|Brook Shannon, here with husband Michael and daughters Grace, Mercy,|
and Bella, created the Wait Until 8th pledge in a effort to support families
who want to hold off giving their children smartphones until they are
ready to go to high school.
Allison Slater Tate, TODAY Contributor, 17 August 2017
As debate swirls across the internet about social media and its effect on teenagers, one Austin mom has created a movement to try to delay introducing smartphones to children until they are at least 14 years old.
In an effort to persuade and support families in her children's elementary school to wait until their kids were at least 14 or in 8th grade to give them smartphones, Brooke Shannon created the Wait Until 8th pledge last spring, which asks parents to promise "not to give your child a smartphone until at least 8th grade as long as at least 10 other families from your child’s grade and school pledge as well."
"Our hope is to create a support network for those parents who would like to wait on giving their child a phone," Shannon told TODAY Parents. "Every family has various circumstances and dynamics that will shape this decision. We hope by creating this pledge, parents that would like to wait will feel more empowered to do so."
The pledge has become a full-blown movement now, with over 2000 commitments from parents in over 500 schools and in 49 states.
Shannon's daughters are still young; her oldest, Grace, is in 4th grade. But when she saw children in their elementary school with smartphones, she began to talk with other parents about the potential dangers that come along with smartphones — citing distraction, sleep impairment, cyberbullying, and exposure to inappropriate material on the internet, among other concerns — and she decided to try to make a change in their community and beyond.
After recruiting a group of friends to begin the Wait Until 8th movement, some of whom are now part of the pledge's website, Shannon got her children on board too. "At first, my older two daughters questioned why I was starting the pledge, but when I explained to them I wanted them to have a group of friends to wait with, they understood," she said.
Now, she said her family feels completely supported by their community in their quest to hold off on smartphones for their kids. "There are 20 other families in my 4th grader's class on board and 13 families on board from my 3rd grader's class," said Shannon. "Plus, families are signing across our school district, so when the elementary schools merge in middle school, there will be even more children waiting together."
Shannon said she understands that for some families, such as those whose children rely on technology for medical reasons like Type 1 diabetes, the Wait Until 8th pledge is not appropriate. But for other parents who argue they need phones to reach their children for reasons like shared custody arrangements, she hopes they will consider lower tech options.
"In situations where a phone is needed to only reach a child, we suggest buying a basic flip phone," Shannon said. "The basic flip phone avoids many of the dangers and distractions of a smartphone. You can give your child a basic phone and still sign the Wait Until 8th pledge. The pledge is for smartphones only."

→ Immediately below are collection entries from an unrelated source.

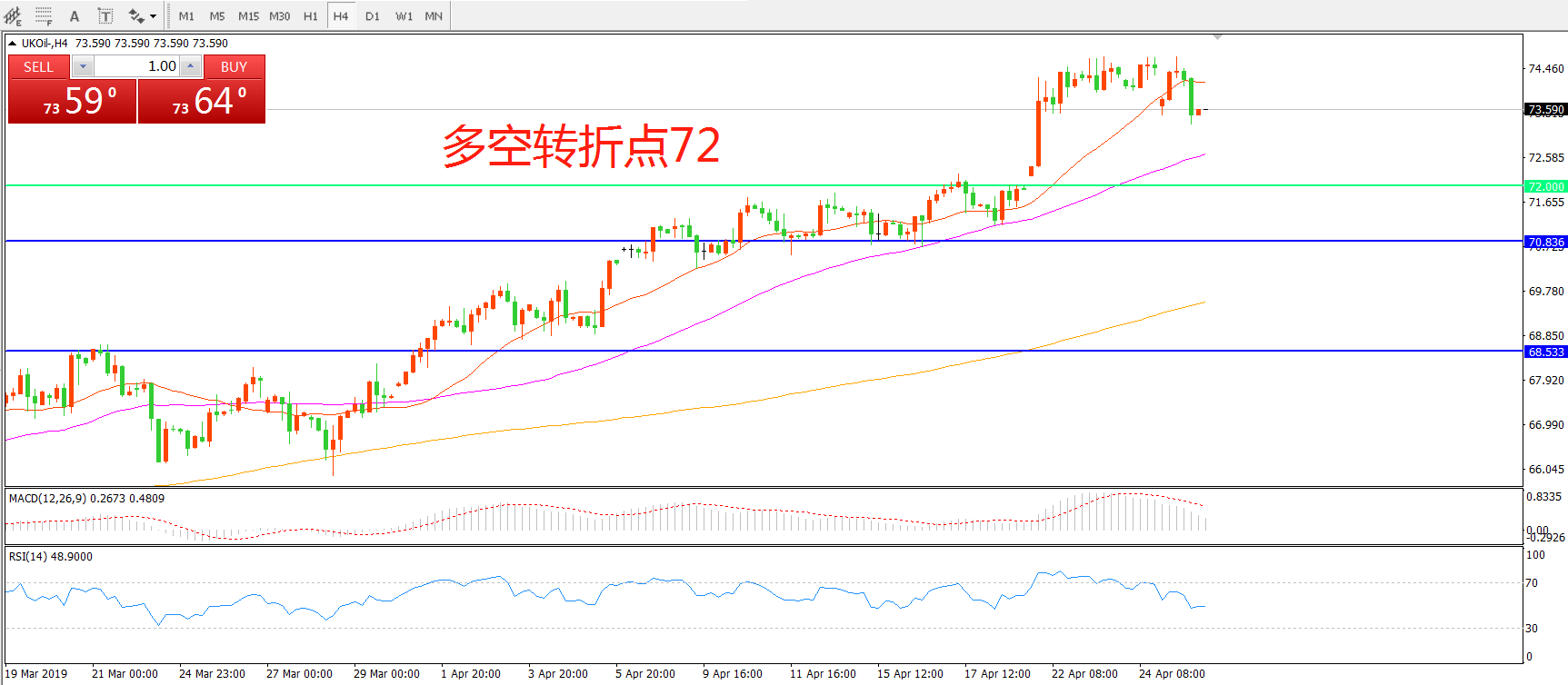 多空转折点:72.00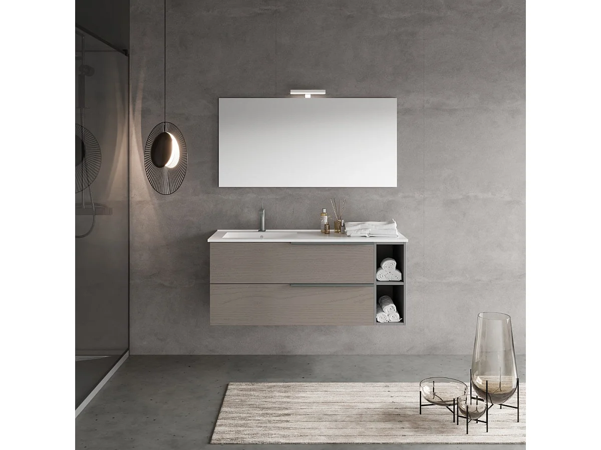 Meuble De Salle De Bains Mural De 120 Cm Avec 2 Tiroirs À Cendres Et Un Compartiment Ouvert | New York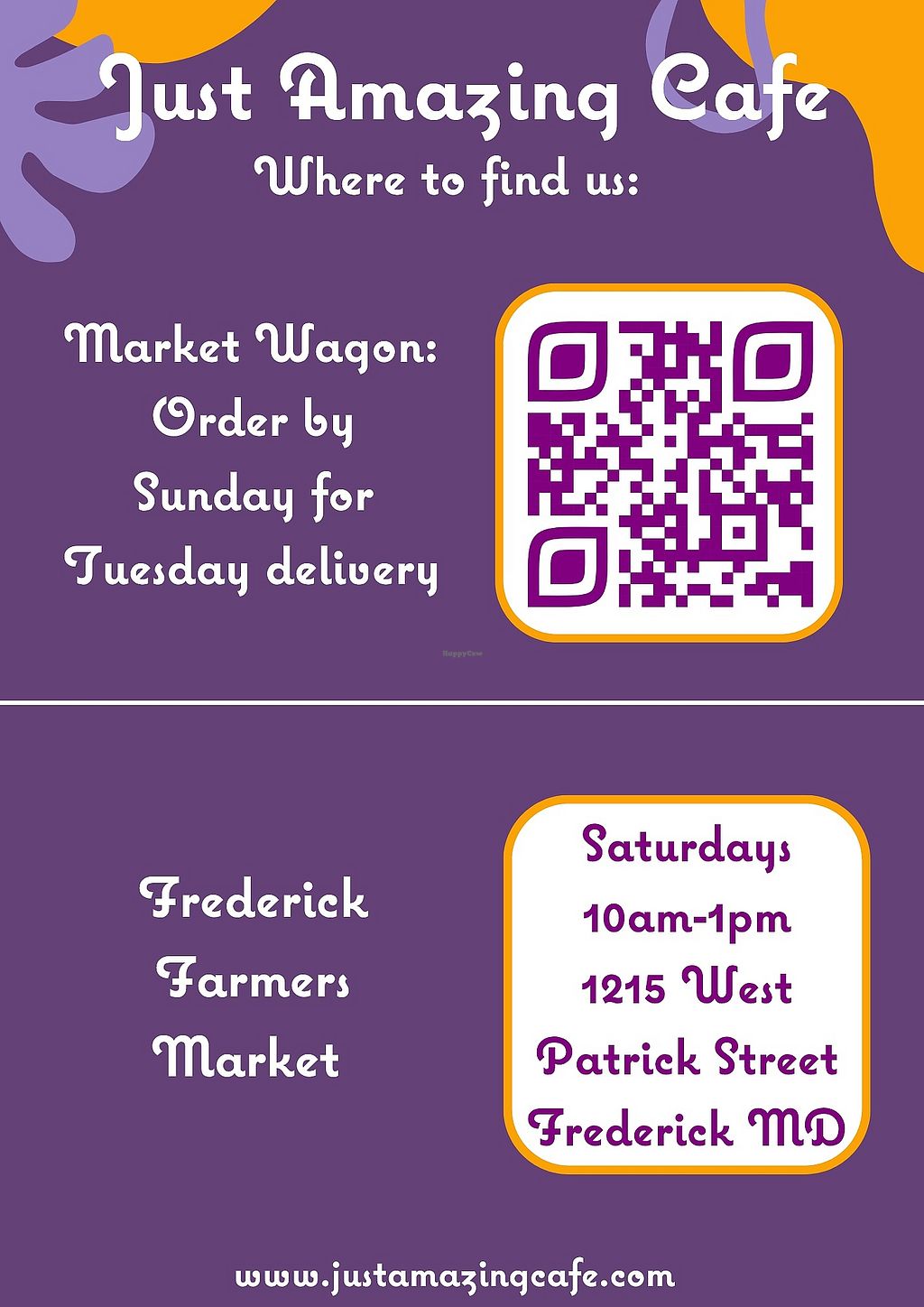 A plant-based bakery that offers vegan treats such as brownies, cookies, cinnamon buns, and muffins. Currently sells at Frederick Farmers Market on Saturdays. Also accepts orders via e-mail and DM. Follow socials for more information on hours and pop-up locations. Open Sat 10:00am-1:00pm.

TODAY Tastemaker and child development expert Dr. Deborah Gilboa said the Wait Until 8th movement could be very helpful to parents, but in the end, the choice is still up to the individual family.

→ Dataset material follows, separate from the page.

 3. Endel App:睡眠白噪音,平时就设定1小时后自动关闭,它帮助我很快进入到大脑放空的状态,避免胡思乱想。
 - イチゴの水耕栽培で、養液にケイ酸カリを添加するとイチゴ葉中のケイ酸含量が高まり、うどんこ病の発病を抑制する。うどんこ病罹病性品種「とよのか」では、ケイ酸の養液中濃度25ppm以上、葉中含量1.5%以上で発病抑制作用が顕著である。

"This initiative helps families in two ways," said Dr. Gilboa. "For parents who are getting most of their 'What's the right age?' information from their kids, this normalizes the idea that most kids don't need — want yes, need no — a smart phone before 8th grade. For parents who are considering holding off but overwhelmed by the societal norms of younger-and-younger for smart phone access, this can be the extra starch for their spine to say, 'I knew I was right about this.'"
But, said Dr. Gilboa, "Since it's not legislated, each parents still gets to decide what works in their family."
Shauna Ogeerally, a mom of two children ages 15 and 10 in Winter Garden, Florida, told TODAY Parents she feels that these decisions have to be made for each child individually, and that smartphones can have some positive benefits for children under the age of 14.
"My children go to a charter school, so not all their close friends live anywhere near us to go run and play at their house," said Ogeerally. "Their phones allow them to FaceTime and 'hang out.' Honestly, I feel it would hurt their social lives if they weren't able to do that, since they would only be able to communicate with friends when they are at school or activities."